Правый, живой глаз Циклопа, увеличенный стеклом очков, с пугающей быстротой приобретает мертвенную холодность левого, фарфорового. В голосе проскальзывает резкая нота. Уловив ее, двое за столиком в углу угрюмо настораживаются и смотрят в нашу сторону.

– Успокойтесь, Шарль, – говорю я и медленно, не расплескав ни капли, подношу ко рту чашку с остывшим кофе. – Согласитесь, что я прав: Фогель не производит впечатления первого ученика.

– Скажите-ка это ему.

– Ну нет! Хирурги дерут втридорога, особенно когда имеют дело со сложными переломами… Но я не об этом, Шарль! Просто мне кажется, что на кладбище нужно было ехать нам с вами. Второе кашпо слева в нижнем ряду и три крапчатых гвоздики, и Кло прочла бы мой призыв: «Приходи завтра!»

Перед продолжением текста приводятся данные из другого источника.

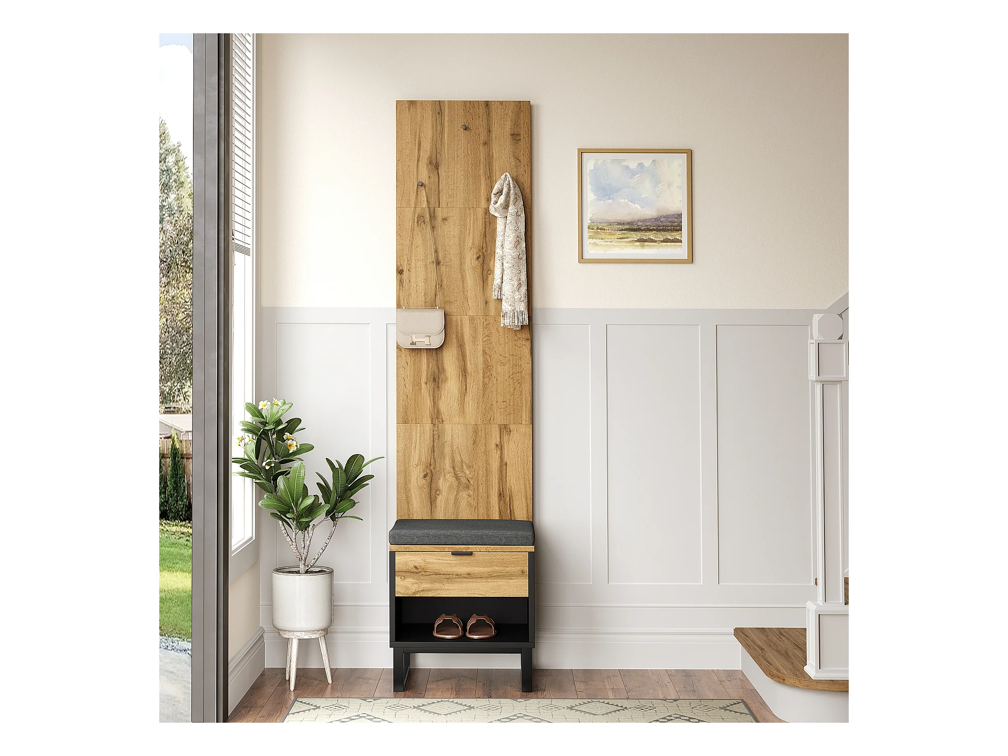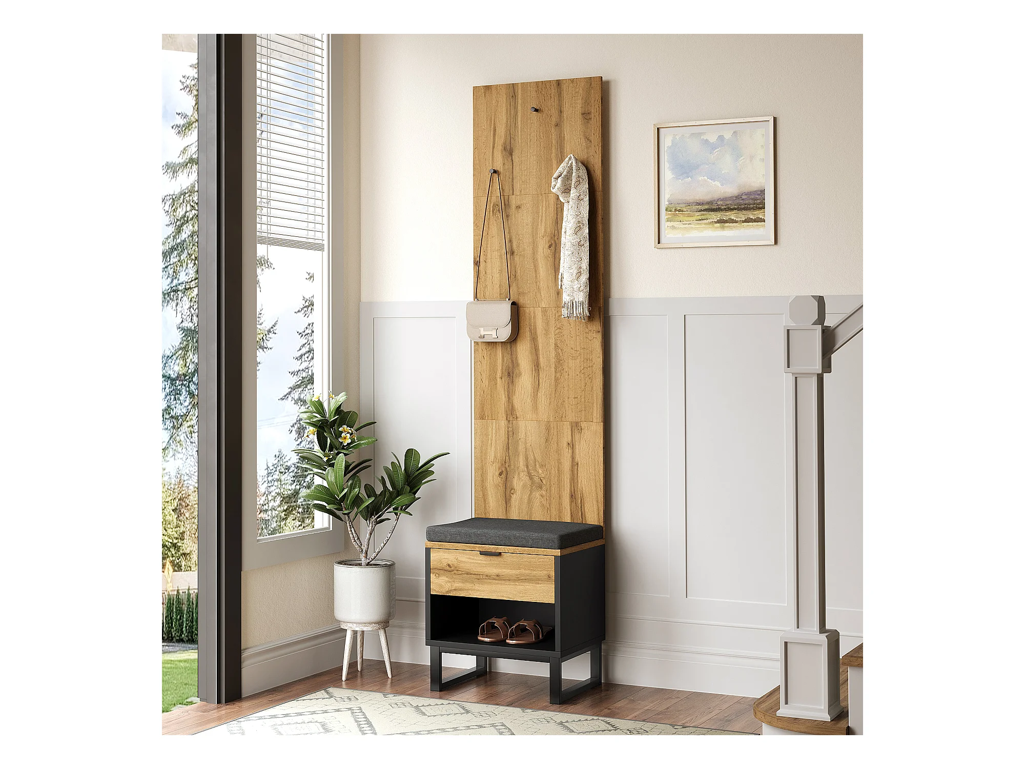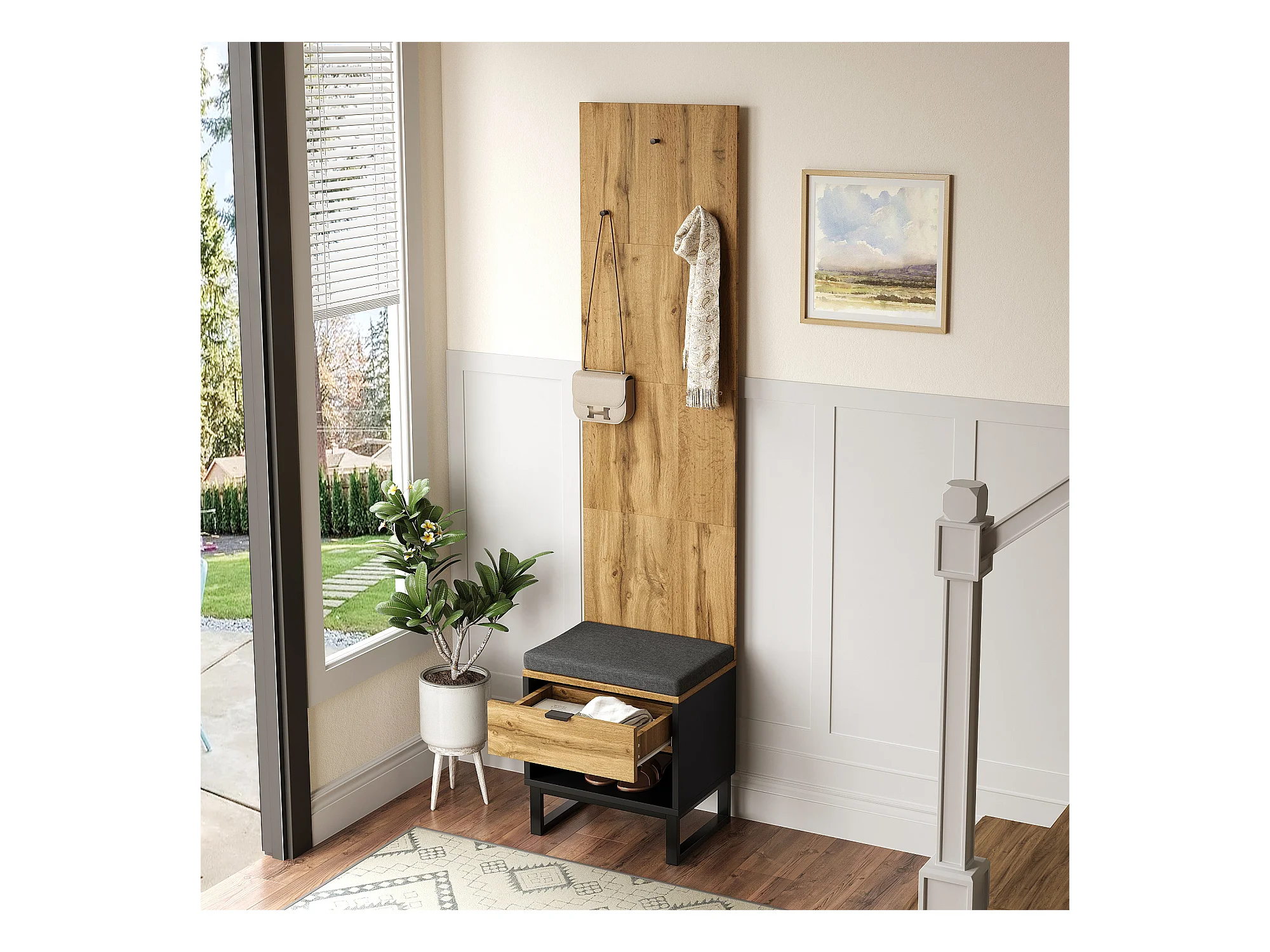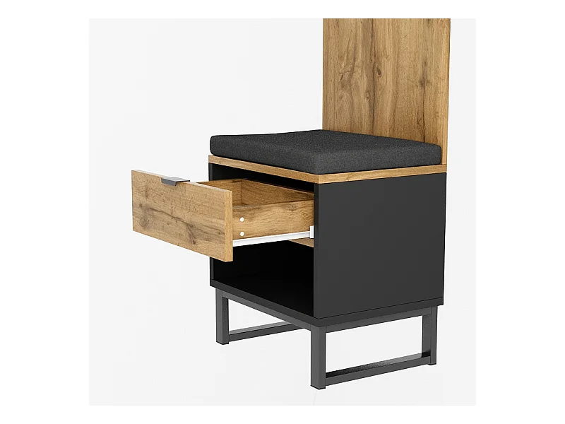 Porte-manteau avec banc à chaussures et tiroirs, panneaux en particules, naturel et noir (210x38x50cm)

Живой глаз Циклопа тихо оттаивает.

– Или наоборот, говорит он с полуулыбкой. – «Не приходи никогда». Три махровые гвоздики и еще какой-нибудь пустячок, о котором вы мне позабыли сказать. Так может быть?

Беседовать с Циклопом одно наслаждение. Он строит фразы легко и изящно, и где-нибудь в светском салоне я бы мог ошибиться и принять его за маменькиного сынка с приличным состоянием. В своем кабинете он явно не на месте. Письменный стол слишком огромен для него, а пуританские формы полевых телефонных аппаратов диссонируют с его белоснежными рубашками из батиста и очками в тонкой золотой оправе. Когда я впервые увидел его за столом, то с грустью понял, что судьба подкинула мне чистое «зеро».

Очевидно, флюиды и прочие импульсы, рождающиеся при работе мозга, все-таки существуют, ибо Циклоп вдруг накрывает мою руку своей почти бесплотной и мягко говорит:

– Не надо волноваться, мой друг.

– С чего вы взяли?..

– Ну, ну, только не лгите. Я же вижу: вам не по себе. Сознайтесь, что Кло – мираж в пустыне, и мы сейчас же поедем домой. Ну как?

– Подождем.

– А не зря?

– Чего вы хотите? – говорю я серьезно. – Чтобы я взял и вынул вам ее из кармана? … Черт возьми, я больше вас заинтересован в свидании. Если мы уедем, а она придет, кто проиграет? Не вы же?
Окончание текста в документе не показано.